We are unsure how the Attorney General would delegate authority provided by the CSA to ensure access to marihuana for research to another agency outside the Department of Justice. However, that said, this provision may not be as necessary as intended given that DEA has now abrogated its long-held policy of limiting marihuana cultivation for research to a single grower. DEA recognizes the need to increase the number of marihuana cultivators for product development, explaining that the prior monopoly was for federally-funded and academic research. DEA’s decision to issue additional marihuana manufacturer registrations for supplying researchers may make the provision requiring delegation of responsibility over access to marihuana for research unnecessary.

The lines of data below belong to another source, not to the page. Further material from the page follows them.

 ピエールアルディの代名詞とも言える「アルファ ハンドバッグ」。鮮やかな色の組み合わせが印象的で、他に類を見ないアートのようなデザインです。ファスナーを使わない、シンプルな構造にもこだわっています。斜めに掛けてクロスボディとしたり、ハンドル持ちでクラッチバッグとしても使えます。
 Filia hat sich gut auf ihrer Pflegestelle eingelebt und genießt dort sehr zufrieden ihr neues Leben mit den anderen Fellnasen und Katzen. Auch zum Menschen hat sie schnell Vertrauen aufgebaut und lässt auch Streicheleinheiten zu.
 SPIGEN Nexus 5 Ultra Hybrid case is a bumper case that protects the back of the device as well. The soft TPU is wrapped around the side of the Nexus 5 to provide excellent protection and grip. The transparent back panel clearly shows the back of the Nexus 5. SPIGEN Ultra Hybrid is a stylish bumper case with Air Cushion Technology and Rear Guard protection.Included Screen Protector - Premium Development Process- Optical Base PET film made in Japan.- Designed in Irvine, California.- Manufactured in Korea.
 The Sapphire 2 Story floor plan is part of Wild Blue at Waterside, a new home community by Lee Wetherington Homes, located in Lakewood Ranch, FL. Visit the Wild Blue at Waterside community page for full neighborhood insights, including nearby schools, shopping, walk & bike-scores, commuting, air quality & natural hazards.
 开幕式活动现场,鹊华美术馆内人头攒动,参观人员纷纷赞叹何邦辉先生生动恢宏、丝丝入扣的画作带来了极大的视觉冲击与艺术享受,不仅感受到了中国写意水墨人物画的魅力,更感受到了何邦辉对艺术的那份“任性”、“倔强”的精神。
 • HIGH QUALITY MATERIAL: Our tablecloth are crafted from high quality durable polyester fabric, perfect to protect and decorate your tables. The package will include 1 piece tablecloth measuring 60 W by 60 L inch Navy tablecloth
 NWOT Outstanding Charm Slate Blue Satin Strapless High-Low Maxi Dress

The Legitimate Use of Medicinal Marihuana Act

The LUMMA mirrors the CAA in certain respects, but there are some notable differences. For example, while the CAA would require administrative rescheduling of marihuana to any schedule other than Schedule I, the LUMMA would move marihuana specifically to Schedule II.

While it is necessary to resolve the current myriad of conflicting state marihuana and CBD approvals with federal restrictions, these bills are not the vehicles to do it.

The CAA was introduced and referred to the House Committee on Energy and Commerce and the House Judiciary Committee on January 27th. The LUMMA was introduced on the same day and referred to the House Committee on Energy and Commerce.